What's Behind the Doors? Exploring the Probability Dilemma in the Game of Chance

[tanujkush]

Welcome to the game of doors!

Anchor: Alright then, you have three doors in front of you, A, B, C. Two of these three contain nothing, one contains the proof of the unified theory yet unknown to man . You can choose anyone door, which one do you choose?

You: Uhmmm.. I think I'll go with door A

Anchor: Are you sure?

You: Yeah!

Anchor: (opening door C) Well well, there is nothing behind door C! Arent you glad you didnt choose that door?

You: (wiping the sweat off) Yeah! Now show me what's behind door A.

Anchor: Wait a minute, what if I made you an offer. Would you like to change your door? Would you like to choose door B instead?

You: (Damn, I should have paid attention to those undergrad probability lessons!) Uhmmm.. I don't know... I think I will go with what probability tells me. Let's ask the folks over at Physics Forums what they think? Should I change doors or stick?

 

[CompuChip]

Change.

(CompuChip wonders why this puzzle has been around since like 1000 AD and nobody got to see the proof yet).

 

[tanujkush]

Change.

(CompuChip wonders why this puzzle has been around since like 1000 AD and nobody got to see the proof yet).
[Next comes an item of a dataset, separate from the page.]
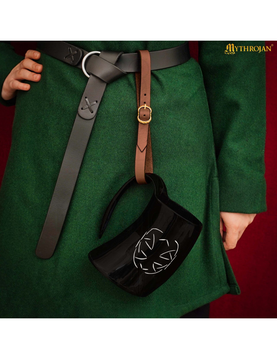 De handgegraveerde geometrische patronen zijn niet alleen decoratie, maar transformeren de hoorn in een object met aanwezigheid, waarvan de reliëfs een omhullende textuur en een symbolische esthetiek bieden die verwijst naar Noordse tradities. Het contrast tussen de donkere tint van de hoorn en het heldere ontwerp aan de voorkant versterkt de visuele impact, perfect voor diegenen die zich willen onderscheiden op banketten, re-enactments of thematische bijeenkomsten.

there is a proper closed form proof for this really.

 

[lanedance]

Ch-ch-changes
Just going to have to be a different man
Time may change me
But I can't trace time

 

[CompuChip]

there is a proper closed form proof for this really.

Then you should publish it and get famous.

(I was talking about the Riemann hypothesis of course, the proof of why changing the doors increases your odds of winning to 2/3 can be written out on a single line).

 

[tanujkush]

(I was talking about the Riemann hypothesis of course, the proof of why changing the doors increases your odds of winning to 2/3 can be written out on a single line).

I of course, was talking about the second part of your quote.

 

[Rogerio]

...
Anchor: Wait a minute, what if I made you an offer. Would you like to change your door? Would you like to choose door B instead?

It depends.
Does the Anchor know the doors a priori?
If he doesn't know what is behind each door, then changing from door A to door B makes no difference.

 

[HallsofIvy]

I remember, about 20 years ago, seeing this problem as an exercise in chapter 1 of an introductory probability text.

 

[EnumaElish]

This problem still stumps me somewhat, philosophically speaking. Suppose the anchor did not know a priori, but I didn't know that she didn't know. Shouldn't I still change?

Put differently: suppose I don't know with certainty whether she knew. If she knew, then I better change. If she didn't, then (by the logic presented somewhere along the thread) it's all random and I'll be no worse off if I changed. On the net, I should change.

Since I can never know with certainty that she didn't know, I should change every single time I am in this position.